Stored items from a collection
______
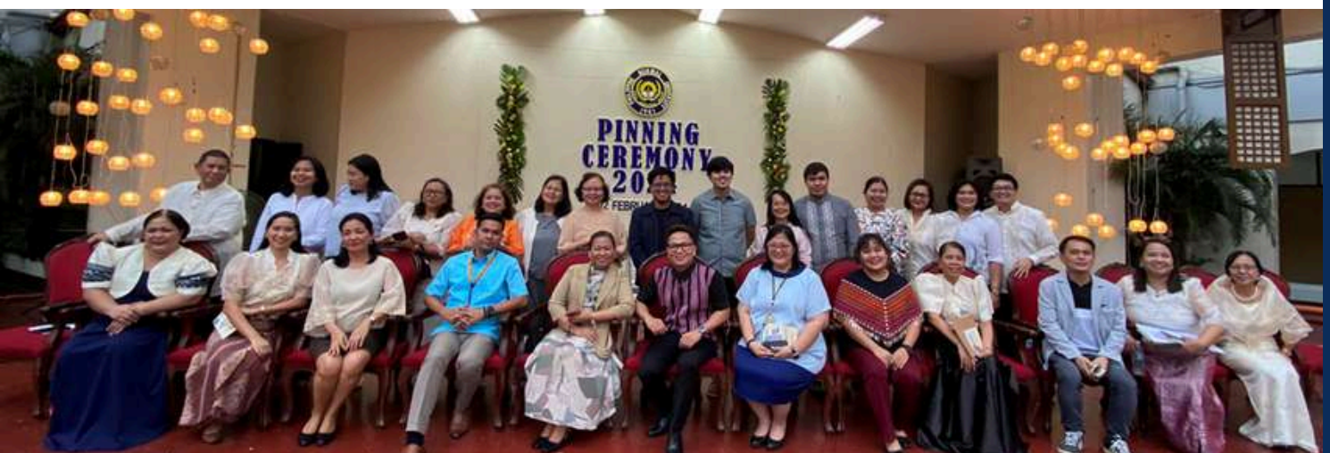
University Officials and faculty members attended the event.
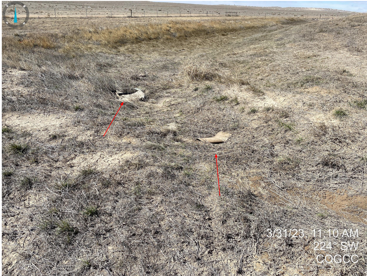
Photo 5. Facing southwest near sediment trap; see comments in Photo 2.
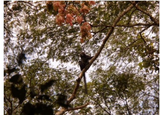
Figure 28 black-crested mangabey
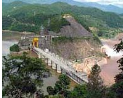
The Manwan Dam

China’s grand Mekong River design will eventually include 15 large dams. The first two, the Manwan and Dachaoshan, were completed in 1993 and 2002, respectively. Together, they generate close to 3,000 megawatts of electricity—equivalent in output to about three large nuclear reactors.
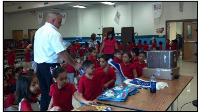
Passing goodies to the students

Landfill Permit Amendment - Director of Public Works, Assistant Director of Public Works and Landfill Supervisor met with the landfill consultant to review and discuss the Constraints Analysis report prepared by the consultant on September 24. Constraints Analysis report is the first step for the permit amendment of the landfill. City staff and the consultants will present this constraints analysis to TCEQ soon.
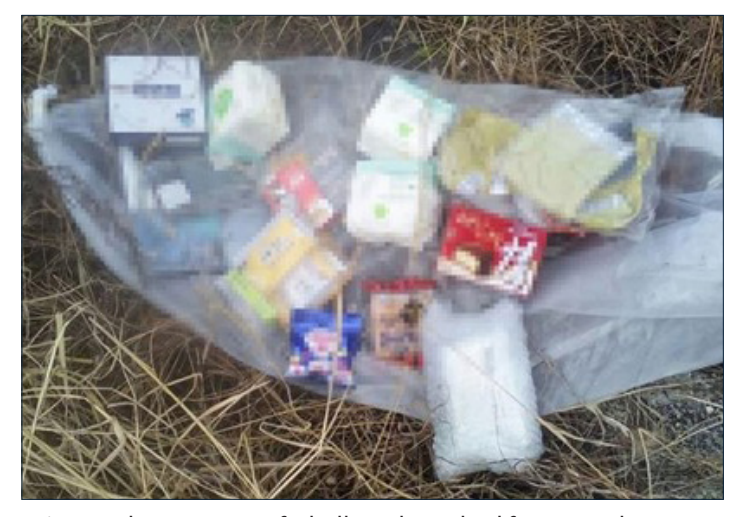
A before and after image from the same PRK state media article reporting on the contents of a balloon launched from South Korea. The first image was downloaded before the PRK decided to censor and pixelate the image, while the second one obscures the contents (Oct 15, 2024).
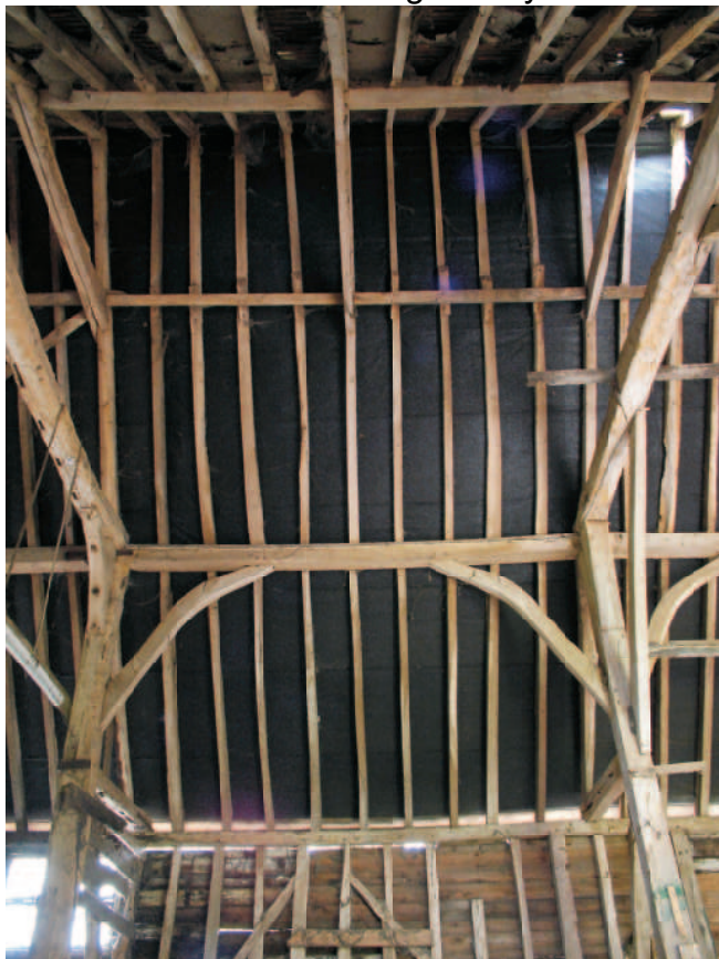
(266) Roof form in eighteenth century bay 6-7 east with simple clasped purlin roof
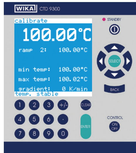
Measurement and calibration menu

With the measuring instrument, which can also be retrofitted into existing calibrators, Pt100, thermocouples and 0/4 ... 20 mA currents can be measured and converted into temperatures; and also in comparison with an external reference thermometer. Automatic calibrations are possible using a PC/laptop and the calibration software.
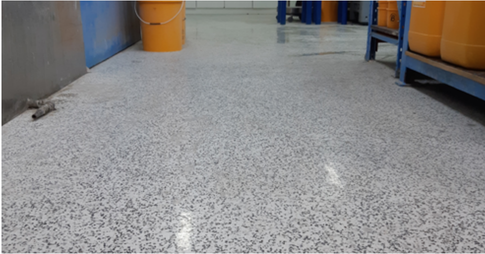
Riviera warehouse, UAE
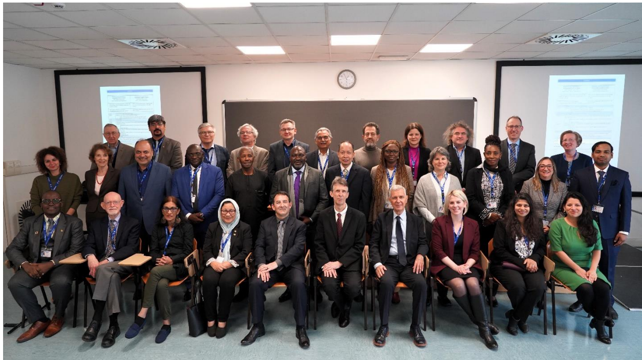
Figure 1: Group photo during the BWC proof-of-concept exercise in Trieste, Italy on 27-28 February 2024.
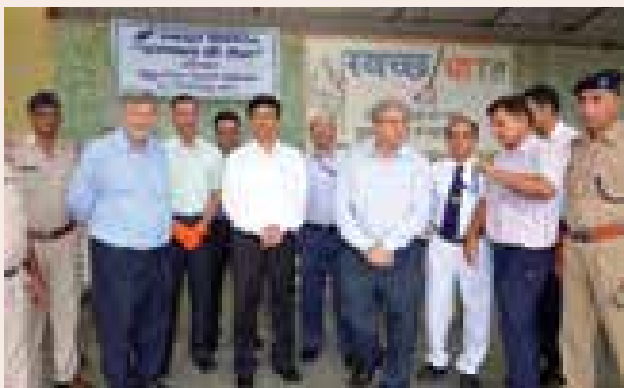
Swachh Bharat Abhiyan campaign

The CSR projects / activities taken up by RITES are in accordance with the sectors as defined in the Schedule VII of Companies Act, 2013. Key projects taken up during the financial year 2017-18 are as
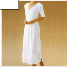
Lingerie in Kimono-style
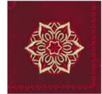
12592-28 Corner 1

3.00 X 6.55 in. 76.20 X 166.37 mm 19,648 St. ⌘ L
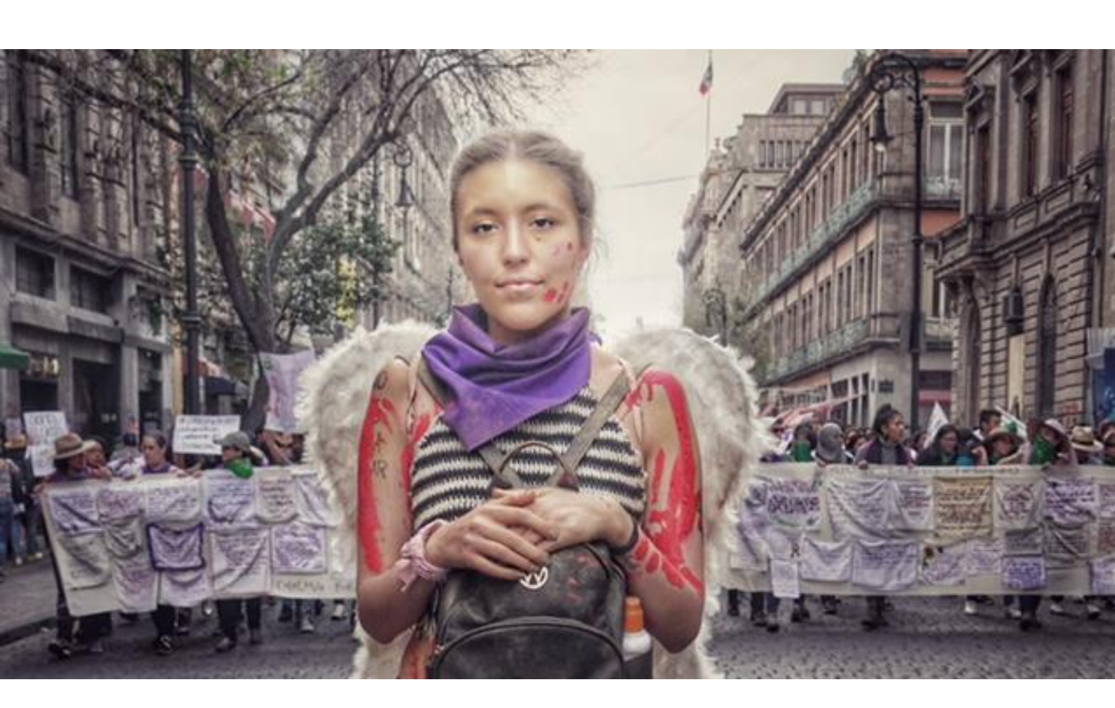
A paper by IM Swedish Development Partner
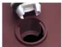
Precise maximum water level indicator
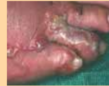
Hookworm effect on the skin

The veterinarians at Waukeag Veterinary Clinic recommend you implement a “Parasite Prevention Program.”
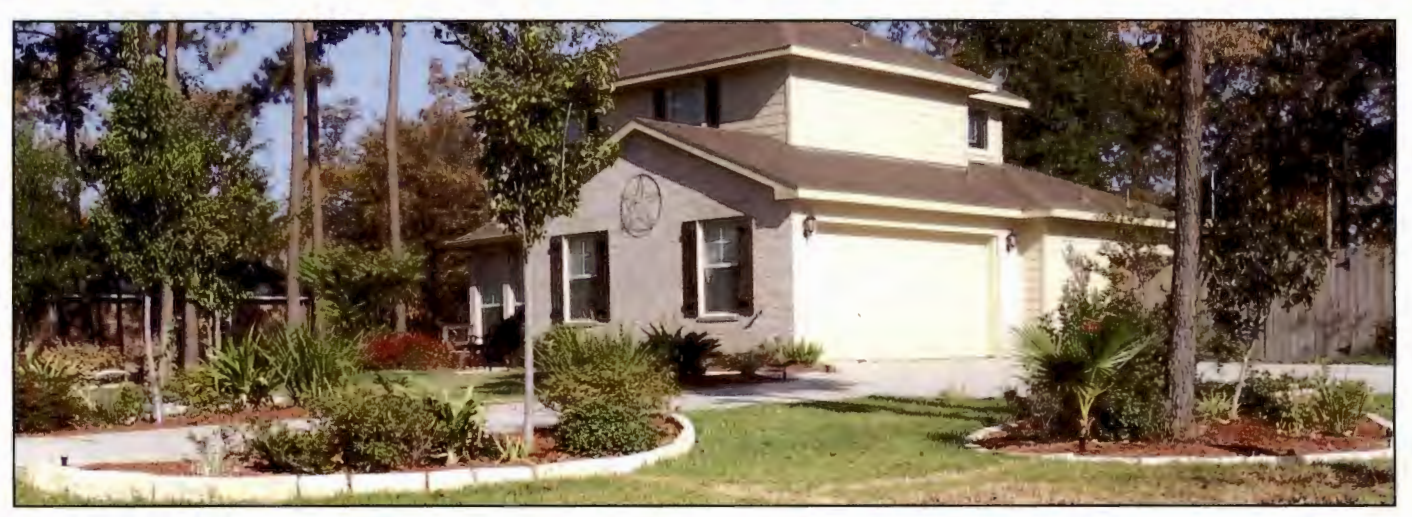
Island landscaping allows for space between fuels and will slow the spread of fire.

In Firewise landscaping, choose design elements using vertical and horizontal separation of plants. The most important portion of the home ignition zone is the defensible space. Highly flammable plants should be removed or isolated. Plants or plant groups should be placed using vertical and horizontal separation, breaking up the fuel continuity. Also remove dead and dying plants and plant materials.
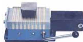
Magnetic plate with quick exchange arm
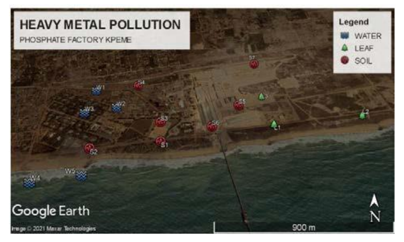
Figure 1. Google Earth map of the Hahotoé phosphate mining area showing the different samples collected
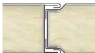
M/F steel sheet

Hand icon Upon request, internal fitting for technical equipment
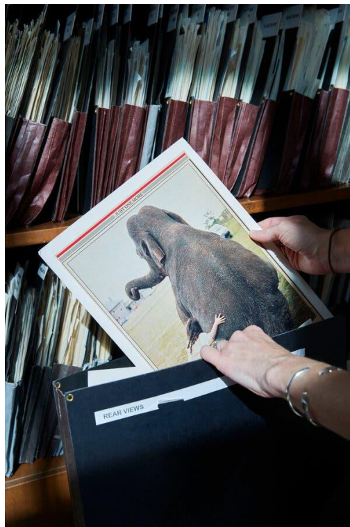
A librarian at the Picture Collection at the New York Public Library examines the “Rear Views” file.

The artist Joseph Cornell once requested a picture of a street urchin with a white cockatoo.
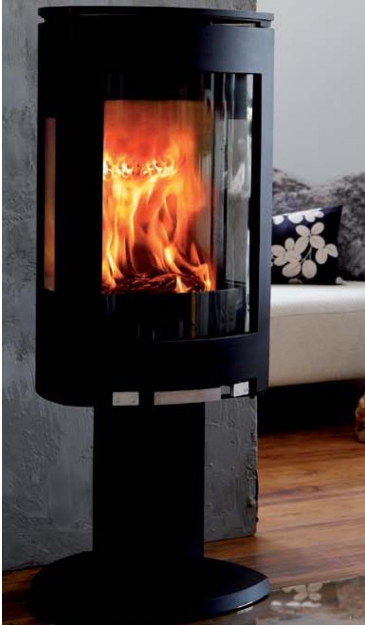
The Jotul F370/GF370 in Wood or Gas

Hearth & Leisure 6 Elora St. South, Clifford 1.519.327.9663 www.hearthandleisure.com
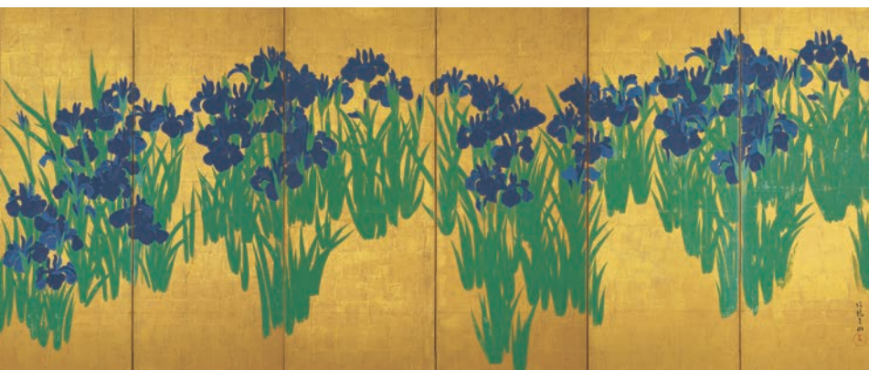
National Treasure Iris , right screen, by Ogata Kōrin (1658–1716) Nezu Museum, Tokyo, on view November 14–26, 2017
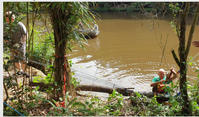
A busy scene from Roosthole working to remove a tree that had fallen into the lake

In addition to regular maintenance work to keep venues fishable, the committee will focus on its efforts on the ongoing project to improve Roosthole. Further applications of bio-aqua will be required to deal with the organic sediment and fish stocks will be assessed by electro-fishing,
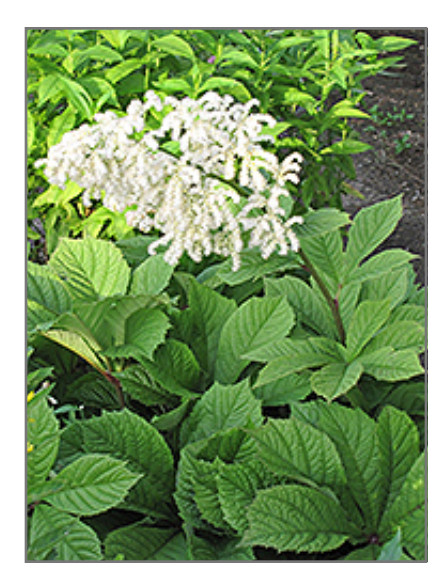
Chestnut Rodgersia flowers

Chestnut Rodgersia is recommended for the following landscape applications;
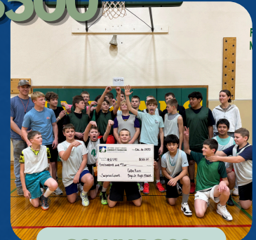
COLLIN ROSS JR High School Boys B-Ball
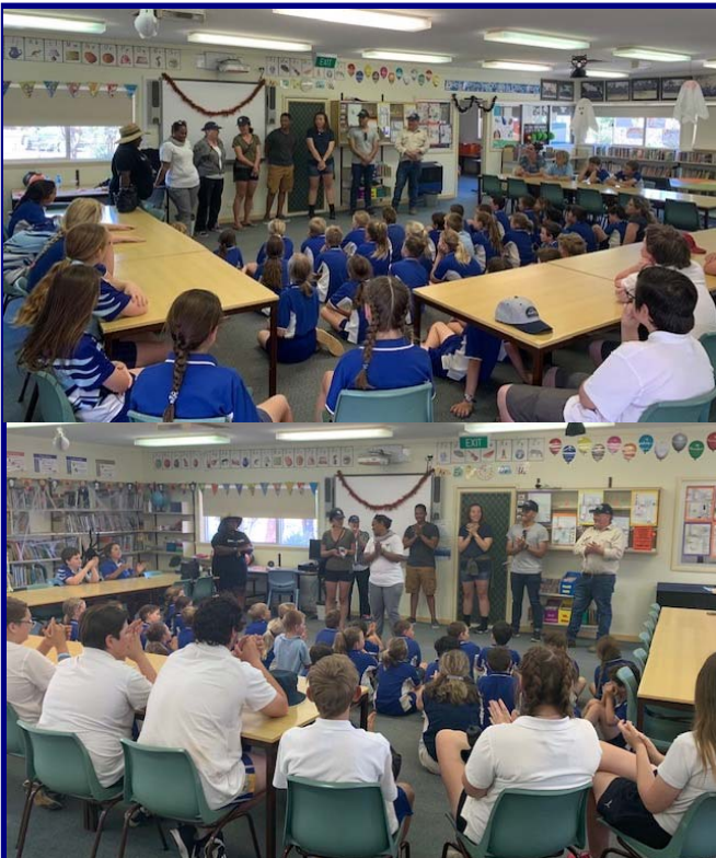
Last week we had a visit from students from Youth On A Mission who are touring around the district in conjunction with the Generocity Church. They spoke about their visits to farms in the district, the different countries they are from and the experiences they've had so far.
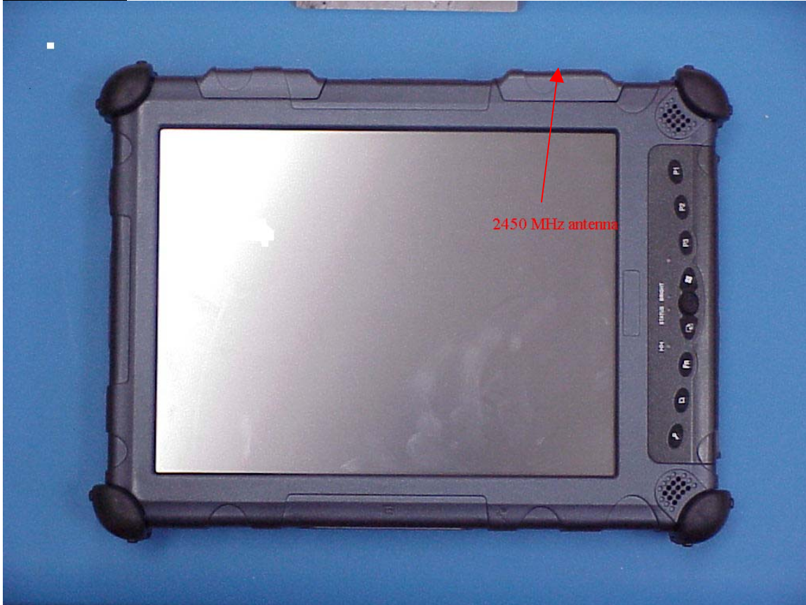
Photo 1. Antenna locations
______
** Work task **
Lines wanted from the entries above: the one with "With the measuring", the one with "Riviera warehouse, UAE", and all lines between. Please copy them exactly, without the pictures and without anything else.

** Response area **
With the measuring instrument, which can also be retrofitted into existing calibrators, Pt100, thermocouples and 0/4 ... 20 mA currents can be measured and converted into temperatures; and also in comparison with an external reference thermometer. Automatic calibrations are possible using a PC/laptop and the calibration software.
Riviera warehouse, UAE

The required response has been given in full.